DUDE, you should wait until she comes home before you confront her about it!
I realize it's tough, but things like that shouldn't be handled over the telephone. It's just too easy to get upset and cut the conversation short (ie. hanging up). It's not hard to leave an argument upset when it's via telephone. You just have more opportunity to set things straight when it's one-on-one.
My suggestion is to take time to think about the whole relationship situation and to consider how you want to approach her about the singles sites. Some women just want attention. A year is a pretty long time (God knows it’s longer then any of my relationships) so it could be that the two of you are starting to take things for granted. She may not be looking for any physical attention at all, but to know that there are guys out there that think she’s attractive.
Anyway like I said, I wouldn't ask her about it until she's back from her trip.
 
Oh man... defiantly wait until she gets home. I have always felt like things can go differently depending on how you word and say things. Tone of voice and actual words. When you do bring it up try not to show your intense worry but more of concern. Choose what you say carefully as you don't want to come across like a cross examination court room or something. Don't lie to her and it will make it hard for her to lie to you. Tell her that your friend told you this and you wanted to know directly from her the truth. I always make it a point to try and squelch a rumor with the truth from the person it is about.

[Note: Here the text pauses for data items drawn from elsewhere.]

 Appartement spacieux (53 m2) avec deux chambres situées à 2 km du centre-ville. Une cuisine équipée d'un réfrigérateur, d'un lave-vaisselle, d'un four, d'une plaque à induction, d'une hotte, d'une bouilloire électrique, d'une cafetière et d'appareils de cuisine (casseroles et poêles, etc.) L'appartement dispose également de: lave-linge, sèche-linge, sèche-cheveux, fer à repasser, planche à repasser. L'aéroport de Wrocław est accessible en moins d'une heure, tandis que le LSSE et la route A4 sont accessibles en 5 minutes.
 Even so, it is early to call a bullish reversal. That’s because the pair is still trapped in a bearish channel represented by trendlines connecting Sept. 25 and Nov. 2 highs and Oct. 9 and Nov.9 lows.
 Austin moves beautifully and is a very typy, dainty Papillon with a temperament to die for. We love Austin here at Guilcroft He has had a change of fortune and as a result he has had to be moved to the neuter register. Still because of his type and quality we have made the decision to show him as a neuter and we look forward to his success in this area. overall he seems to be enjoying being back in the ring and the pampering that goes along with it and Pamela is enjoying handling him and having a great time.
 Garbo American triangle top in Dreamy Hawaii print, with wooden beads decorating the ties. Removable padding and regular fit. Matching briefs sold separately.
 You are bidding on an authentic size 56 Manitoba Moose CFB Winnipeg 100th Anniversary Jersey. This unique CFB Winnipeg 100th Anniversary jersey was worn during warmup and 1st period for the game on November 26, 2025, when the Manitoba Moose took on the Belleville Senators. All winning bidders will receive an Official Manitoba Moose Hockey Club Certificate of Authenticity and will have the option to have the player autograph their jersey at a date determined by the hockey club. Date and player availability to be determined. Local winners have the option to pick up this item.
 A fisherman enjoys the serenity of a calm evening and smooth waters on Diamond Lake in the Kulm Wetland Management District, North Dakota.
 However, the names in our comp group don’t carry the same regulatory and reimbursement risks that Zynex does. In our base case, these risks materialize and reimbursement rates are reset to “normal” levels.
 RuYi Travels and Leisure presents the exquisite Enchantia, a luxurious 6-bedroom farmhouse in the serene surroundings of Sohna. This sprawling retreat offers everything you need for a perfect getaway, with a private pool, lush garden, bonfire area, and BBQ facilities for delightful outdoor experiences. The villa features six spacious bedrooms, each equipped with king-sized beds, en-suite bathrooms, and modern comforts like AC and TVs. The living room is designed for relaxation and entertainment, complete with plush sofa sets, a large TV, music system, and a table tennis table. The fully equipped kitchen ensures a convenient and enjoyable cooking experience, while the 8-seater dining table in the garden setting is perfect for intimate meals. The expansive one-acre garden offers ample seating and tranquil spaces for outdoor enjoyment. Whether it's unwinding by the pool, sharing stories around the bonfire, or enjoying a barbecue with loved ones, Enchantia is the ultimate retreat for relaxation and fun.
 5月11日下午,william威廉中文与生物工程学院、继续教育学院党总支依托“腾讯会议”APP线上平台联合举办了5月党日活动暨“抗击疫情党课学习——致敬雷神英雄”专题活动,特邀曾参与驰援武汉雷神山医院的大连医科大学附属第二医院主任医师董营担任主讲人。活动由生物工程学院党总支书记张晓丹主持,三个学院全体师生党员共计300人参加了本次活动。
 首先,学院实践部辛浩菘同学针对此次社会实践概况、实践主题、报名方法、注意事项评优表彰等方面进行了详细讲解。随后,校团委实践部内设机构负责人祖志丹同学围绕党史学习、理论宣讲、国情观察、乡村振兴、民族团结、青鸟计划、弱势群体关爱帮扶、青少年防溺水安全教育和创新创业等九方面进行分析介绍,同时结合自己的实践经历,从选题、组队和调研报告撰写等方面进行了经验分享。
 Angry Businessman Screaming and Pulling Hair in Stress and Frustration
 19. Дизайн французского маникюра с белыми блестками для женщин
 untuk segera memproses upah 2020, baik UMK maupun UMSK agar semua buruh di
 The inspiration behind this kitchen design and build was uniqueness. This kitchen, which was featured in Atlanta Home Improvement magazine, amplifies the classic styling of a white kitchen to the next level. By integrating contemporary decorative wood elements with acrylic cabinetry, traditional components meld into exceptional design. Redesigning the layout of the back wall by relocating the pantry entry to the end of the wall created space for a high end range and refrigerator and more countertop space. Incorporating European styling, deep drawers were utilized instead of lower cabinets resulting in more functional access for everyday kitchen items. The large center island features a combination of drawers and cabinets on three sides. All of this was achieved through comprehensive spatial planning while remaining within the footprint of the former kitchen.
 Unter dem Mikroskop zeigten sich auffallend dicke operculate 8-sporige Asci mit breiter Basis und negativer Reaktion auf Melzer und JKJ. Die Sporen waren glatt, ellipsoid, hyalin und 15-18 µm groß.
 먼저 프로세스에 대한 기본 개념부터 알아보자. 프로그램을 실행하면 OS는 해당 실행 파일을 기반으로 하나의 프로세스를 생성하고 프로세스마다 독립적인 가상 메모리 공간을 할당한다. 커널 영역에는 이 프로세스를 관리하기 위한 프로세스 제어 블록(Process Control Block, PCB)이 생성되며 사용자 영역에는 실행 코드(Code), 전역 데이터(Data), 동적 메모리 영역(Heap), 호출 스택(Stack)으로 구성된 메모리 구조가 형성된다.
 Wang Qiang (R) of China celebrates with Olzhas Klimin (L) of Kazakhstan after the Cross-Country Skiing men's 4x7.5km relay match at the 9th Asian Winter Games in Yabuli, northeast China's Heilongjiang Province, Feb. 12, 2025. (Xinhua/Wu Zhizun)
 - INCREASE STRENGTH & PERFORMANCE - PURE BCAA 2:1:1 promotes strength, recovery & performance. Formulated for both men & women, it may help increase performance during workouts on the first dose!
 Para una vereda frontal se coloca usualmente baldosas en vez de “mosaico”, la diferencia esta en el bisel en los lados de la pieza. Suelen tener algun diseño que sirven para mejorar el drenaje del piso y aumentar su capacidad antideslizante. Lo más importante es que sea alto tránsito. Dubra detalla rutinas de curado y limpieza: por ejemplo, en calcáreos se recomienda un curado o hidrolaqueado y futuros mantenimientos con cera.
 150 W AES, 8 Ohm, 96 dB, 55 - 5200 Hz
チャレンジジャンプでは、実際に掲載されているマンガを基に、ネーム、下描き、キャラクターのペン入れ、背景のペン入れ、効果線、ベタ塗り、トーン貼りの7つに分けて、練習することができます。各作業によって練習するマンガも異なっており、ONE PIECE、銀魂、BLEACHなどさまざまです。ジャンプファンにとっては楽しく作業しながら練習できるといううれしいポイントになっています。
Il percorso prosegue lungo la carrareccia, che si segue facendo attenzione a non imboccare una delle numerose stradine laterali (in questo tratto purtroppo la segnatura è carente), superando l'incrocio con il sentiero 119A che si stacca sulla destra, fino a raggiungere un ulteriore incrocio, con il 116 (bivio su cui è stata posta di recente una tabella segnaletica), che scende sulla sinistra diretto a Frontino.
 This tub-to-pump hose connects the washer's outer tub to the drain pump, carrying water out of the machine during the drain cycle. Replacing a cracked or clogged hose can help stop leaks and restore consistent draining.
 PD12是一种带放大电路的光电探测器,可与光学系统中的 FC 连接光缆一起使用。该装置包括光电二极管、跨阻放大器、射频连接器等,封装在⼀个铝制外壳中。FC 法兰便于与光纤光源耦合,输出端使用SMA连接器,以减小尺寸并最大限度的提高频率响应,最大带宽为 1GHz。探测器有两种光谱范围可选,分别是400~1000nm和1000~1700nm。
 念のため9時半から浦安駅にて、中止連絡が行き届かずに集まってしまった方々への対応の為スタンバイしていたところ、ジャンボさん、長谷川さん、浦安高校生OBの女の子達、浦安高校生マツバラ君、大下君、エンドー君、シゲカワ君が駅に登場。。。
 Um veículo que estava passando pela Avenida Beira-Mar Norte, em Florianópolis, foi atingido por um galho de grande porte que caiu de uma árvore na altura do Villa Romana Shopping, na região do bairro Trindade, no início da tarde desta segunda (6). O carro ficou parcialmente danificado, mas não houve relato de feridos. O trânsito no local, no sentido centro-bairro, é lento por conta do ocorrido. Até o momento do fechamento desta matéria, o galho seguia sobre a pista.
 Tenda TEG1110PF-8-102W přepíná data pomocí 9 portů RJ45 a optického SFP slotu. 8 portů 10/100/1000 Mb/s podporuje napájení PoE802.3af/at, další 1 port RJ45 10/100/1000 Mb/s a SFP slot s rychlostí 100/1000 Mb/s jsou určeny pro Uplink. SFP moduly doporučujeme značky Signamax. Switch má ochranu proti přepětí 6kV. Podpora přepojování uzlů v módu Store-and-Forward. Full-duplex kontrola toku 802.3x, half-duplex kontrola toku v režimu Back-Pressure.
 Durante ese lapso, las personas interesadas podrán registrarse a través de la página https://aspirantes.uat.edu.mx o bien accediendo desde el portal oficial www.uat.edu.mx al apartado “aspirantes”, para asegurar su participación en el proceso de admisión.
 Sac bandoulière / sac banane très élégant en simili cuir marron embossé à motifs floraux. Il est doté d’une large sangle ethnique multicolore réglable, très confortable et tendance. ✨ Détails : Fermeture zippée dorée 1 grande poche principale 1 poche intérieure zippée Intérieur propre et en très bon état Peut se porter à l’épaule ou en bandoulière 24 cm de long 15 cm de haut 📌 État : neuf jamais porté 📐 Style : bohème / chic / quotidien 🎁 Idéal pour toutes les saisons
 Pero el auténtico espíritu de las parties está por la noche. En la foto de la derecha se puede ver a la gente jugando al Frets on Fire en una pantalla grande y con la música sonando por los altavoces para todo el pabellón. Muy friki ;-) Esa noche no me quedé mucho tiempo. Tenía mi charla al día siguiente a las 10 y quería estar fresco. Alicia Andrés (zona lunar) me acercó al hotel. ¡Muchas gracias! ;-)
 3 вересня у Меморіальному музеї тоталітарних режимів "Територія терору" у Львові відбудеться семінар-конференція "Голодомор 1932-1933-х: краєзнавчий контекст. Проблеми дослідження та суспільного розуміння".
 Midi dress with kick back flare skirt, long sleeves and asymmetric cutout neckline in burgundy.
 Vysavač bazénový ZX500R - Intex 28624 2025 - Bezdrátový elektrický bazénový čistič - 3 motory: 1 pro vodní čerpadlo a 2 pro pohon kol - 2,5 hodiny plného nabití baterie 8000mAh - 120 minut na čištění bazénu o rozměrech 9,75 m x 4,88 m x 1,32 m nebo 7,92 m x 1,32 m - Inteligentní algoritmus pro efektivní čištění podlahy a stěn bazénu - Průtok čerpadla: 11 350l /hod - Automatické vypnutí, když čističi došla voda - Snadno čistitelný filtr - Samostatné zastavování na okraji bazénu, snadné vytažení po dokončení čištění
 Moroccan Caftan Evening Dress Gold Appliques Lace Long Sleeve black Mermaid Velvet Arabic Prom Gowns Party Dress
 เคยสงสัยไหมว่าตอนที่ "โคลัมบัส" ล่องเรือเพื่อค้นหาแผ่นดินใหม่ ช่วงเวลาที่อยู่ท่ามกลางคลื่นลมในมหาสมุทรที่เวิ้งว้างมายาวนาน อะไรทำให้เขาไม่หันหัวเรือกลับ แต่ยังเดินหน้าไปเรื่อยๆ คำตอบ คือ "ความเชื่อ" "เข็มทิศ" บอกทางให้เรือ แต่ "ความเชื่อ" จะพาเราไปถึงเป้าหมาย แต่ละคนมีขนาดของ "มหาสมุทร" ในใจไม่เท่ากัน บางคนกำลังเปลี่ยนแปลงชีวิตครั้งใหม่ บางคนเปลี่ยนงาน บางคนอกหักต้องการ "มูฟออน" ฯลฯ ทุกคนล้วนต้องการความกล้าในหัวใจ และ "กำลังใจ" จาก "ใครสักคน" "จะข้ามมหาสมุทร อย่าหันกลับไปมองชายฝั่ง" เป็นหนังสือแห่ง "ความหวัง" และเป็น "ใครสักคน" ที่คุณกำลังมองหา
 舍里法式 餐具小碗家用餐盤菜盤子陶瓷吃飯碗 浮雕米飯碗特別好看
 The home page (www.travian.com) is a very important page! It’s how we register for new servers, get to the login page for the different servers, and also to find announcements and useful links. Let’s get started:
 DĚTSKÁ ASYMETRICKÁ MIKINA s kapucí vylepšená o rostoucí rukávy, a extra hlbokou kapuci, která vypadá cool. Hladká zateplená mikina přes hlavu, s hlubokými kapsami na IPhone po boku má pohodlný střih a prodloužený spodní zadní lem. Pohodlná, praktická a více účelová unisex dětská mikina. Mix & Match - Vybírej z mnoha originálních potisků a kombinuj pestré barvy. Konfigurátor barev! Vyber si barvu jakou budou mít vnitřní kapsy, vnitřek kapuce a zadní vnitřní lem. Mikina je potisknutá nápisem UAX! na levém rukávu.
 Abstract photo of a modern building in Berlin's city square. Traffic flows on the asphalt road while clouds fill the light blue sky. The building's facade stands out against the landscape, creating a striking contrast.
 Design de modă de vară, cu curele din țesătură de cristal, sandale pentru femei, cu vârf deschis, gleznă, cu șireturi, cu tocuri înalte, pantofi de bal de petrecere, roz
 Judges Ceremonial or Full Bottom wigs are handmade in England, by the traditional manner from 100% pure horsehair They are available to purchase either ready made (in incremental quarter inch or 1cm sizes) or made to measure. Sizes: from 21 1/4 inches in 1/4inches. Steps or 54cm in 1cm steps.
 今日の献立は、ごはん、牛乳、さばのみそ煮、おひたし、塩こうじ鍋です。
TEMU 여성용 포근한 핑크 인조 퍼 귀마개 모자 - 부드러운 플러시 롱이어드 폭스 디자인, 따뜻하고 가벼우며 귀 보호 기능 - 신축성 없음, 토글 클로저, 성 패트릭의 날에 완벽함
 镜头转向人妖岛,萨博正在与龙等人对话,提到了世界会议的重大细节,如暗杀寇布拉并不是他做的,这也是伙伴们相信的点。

I feel like you have a valid concern. I would be a little disturbed if I found out that my b/f was doing that also.
 
I would confront as well.

I don't know why someone would do it. I'm going to guess attention. She may not have any intentions of going to see any of these people or make anything from them. They may just be friends. This might be her way of making online friends instead of going to a forum, or chat room on Yahoo!.

Do you know what she says in the paragraphs? Does she just discribe herself in the paragraphs? Or talk about very personal things ;) (if she does do this I would be worried)? Does she talk on the phone with them (that you know of)? etc etc.

I personally would be suspicious because a lot of people do stupid things like that. And because I am a worrier, I would. But I wouldn't go nuts on her. Just ask. If she takes it the wrong way, I'm positive theres a girl out there like her that doesnt do this sort of thing. If she doesn't have something to hide, I'm sure she'll be fine with asking.

Again, this is just me. I am a worrier because i've bene burned before and have burned others etc etc.
 
there is actualy no information on her account other then the city she lives in and that she is a female seeking male
 
I'd definitely confront her but as others have said, wait til she gets home if you can. I'm not familiar with that site but I wonder if she has control over taking down her photo. If she does, then if she was no longer using the site as a way to meet people she should've taken down the photo, too. (not just the description). The purpose of those sites is to meet people to date. If she's in a committed relationship with you then she should NOT be using that site. If she's doing it for attention (not dates) then she could always post her pics elsewhere. Have her come her and Matt and Vonn will drool all over her! :wink:

That's a tough one, Skyeg!
Goodluck!
 
i couldn't stop myself..i just talked to her on the phone and i asked her... she said she had joined it a while ago(before we met) and had just kind of forgotten about it. they resently had emailed her so she went on it and was unable to find a way to cancel the account so she just removed all the information and picture, and that was the first time she been on it in almost 2 years. i beleve her. i felt bad because she cryed and thought i was angry with her. well everythign is good and ill be able to sleep tonight. thank you all for the advice....even though i didnt take most of it.
 
I'm glad everything is alright. It’s too bad that she was crying, but I can understand that she was probably scared. Anyway I'm sure flowers and dinner would make her feel much better once she gets home.